Cancer Recurrence and Cancer progression
he National Comprehensive Cancer Network (NCCN) provides guidelines for the management of breast cancer recurrence. These guidelines are intended to assist healthcare providers in managing the care of patients who have experienced a recurrence of breast cancer. Here are some key points from the NCCN guidelines on breast cancer recurrence:
Evaluation: Patients with suspected breast cancer recurrence should undergo a thorough evaluation, including physical examination, imaging studies, and biopsy or other tissue sampling as appropriate.
Treatment options: The choice of treatment for breast cancer recurrence may depend on the location and extent of the recurrence, as well as the patient's previous treatment history. Treatment options may include surgery, radiation therapy, chemotherapy, targeted therapy, and hormonal therapy.
Systemic therapy: Patients with distant or metastatic breast cancer recurrence may benefit from systemic therapy, such as chemotherapy or targeted therapy. The choice of therapy should be based on the individual patient and their cancer characteristics.
Supportive care: Patients with breast cancer recurrence may experience physical and emotional symptoms related to their cancer and treatment. Healthcare providers should offer supportive care, including pain management, psychosocial support, and referral to palliative care services if appropriate.
Relatedly, the standard of care for breast cancer progression depends on various factors, such as the type of breast cancer, the location and extent of the progression, and the patient's previous treatment history. In general, the goal of treatment for breast cancer progression is to slow or stop the growth of the cancer and improve the patient's quality of life.
The treatment options for breast cancer progression may include surgery, radiation therapy, chemotherapy, targeted therapy, and hormonal therapy, among others. The choice of treatment may depend on the individual patient and their cancer characteristics.

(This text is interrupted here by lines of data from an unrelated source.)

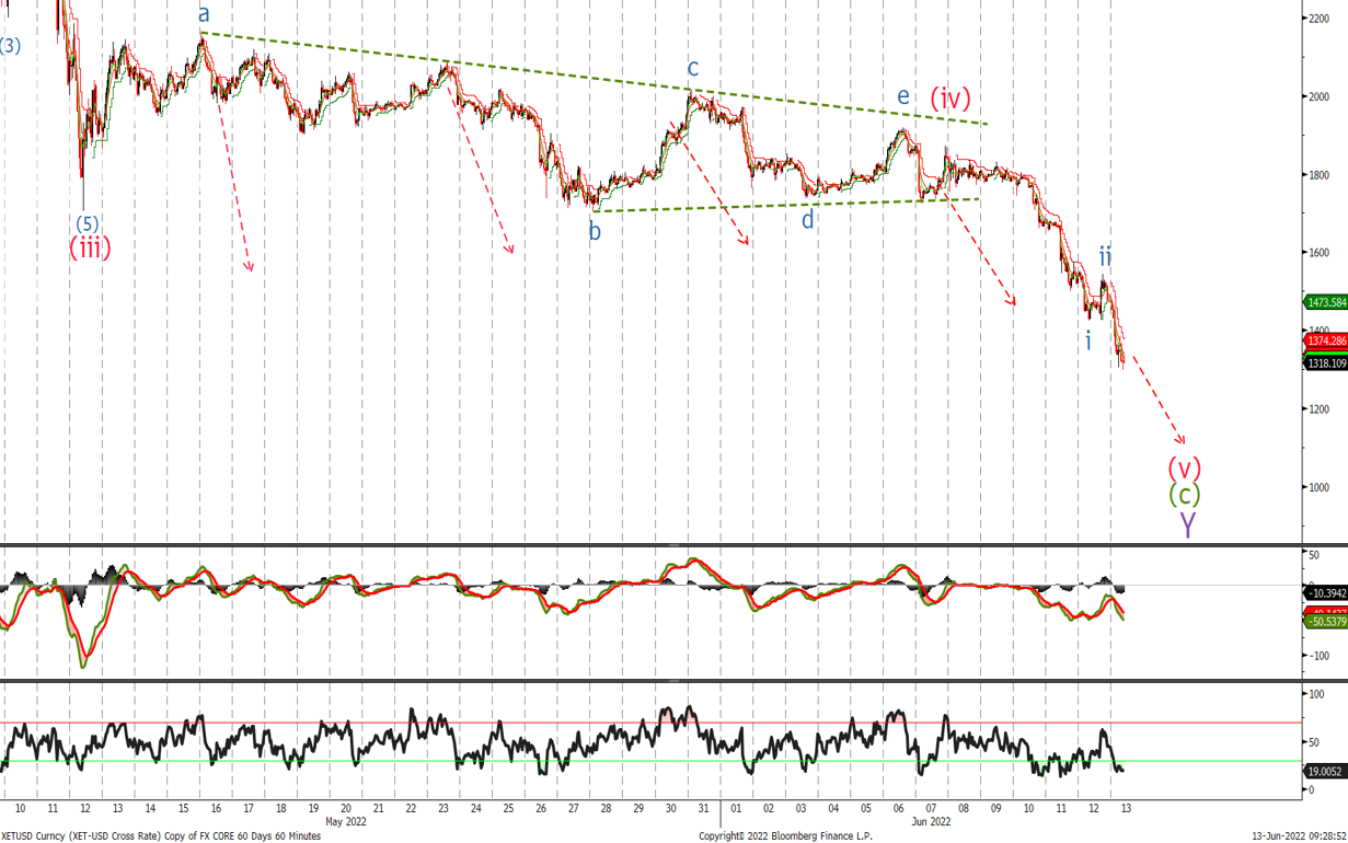 We sold off in line with expectation with an acceleration lower on a break of the $1'704 level. Like BTC, we continue to look for lower in 5 waves to complete the long term correction. I would look to sell at $1'540 area and set stops above $1'780. A move above this level will signal the uptrend has resumed.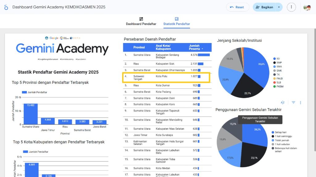 Dalam pelaksanaan Program Gemini Academy tahap kedua yang digagas oleh Kementerian Pendidikan Dasar dan Menengah melalui Direktorat Jenderal Guru, Tenaga Kependidikan, dan Pendidikan Guru bekerja sama dengan PT Reformasi Generasi Indonesia (REFO), yang merupakan Google Partner, Kota Palu berhasil menempati peringkat ke-4 nasional dari jumlah peserta yang mendaftar.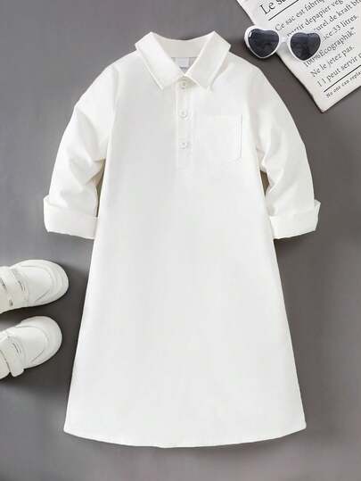 Baby Girl Autumn/Winter New Fashionable Elegant Outdoor Casual Breathable Loose White Solid Color Long Sleeve Collar Pocket Shirt Dress - White - View 1

For example, if the breast cancer has spread to other parts of the body (metastatic breast cancer), systemic therapy such as chemotherapy or targeted therapy may be used to control the cancer. If the progression is localized, surgery and/or radiation therapy may be used to remove or shrink the cancer.
Conclusion
The breast cancer standard of care is an important resource for healthcare professionals and patients alike when exploring breast cancer treatment options. Knowing what treatments are recommended based on current evidence can help both doctors and patients make informed and confident decisions about their care plans. It is also important to keep up to date with breast cancer screening and risk assessment guidelines in order to detect breast cancer early on. Additionally, understanding breast cancer treatment guidelines can help ensure that the best treatments are being utilized for each individual stage of breast cancer. Ultimately, knowledge of breast cancer standard of care and associated guidelines can help patients receive the best care possible.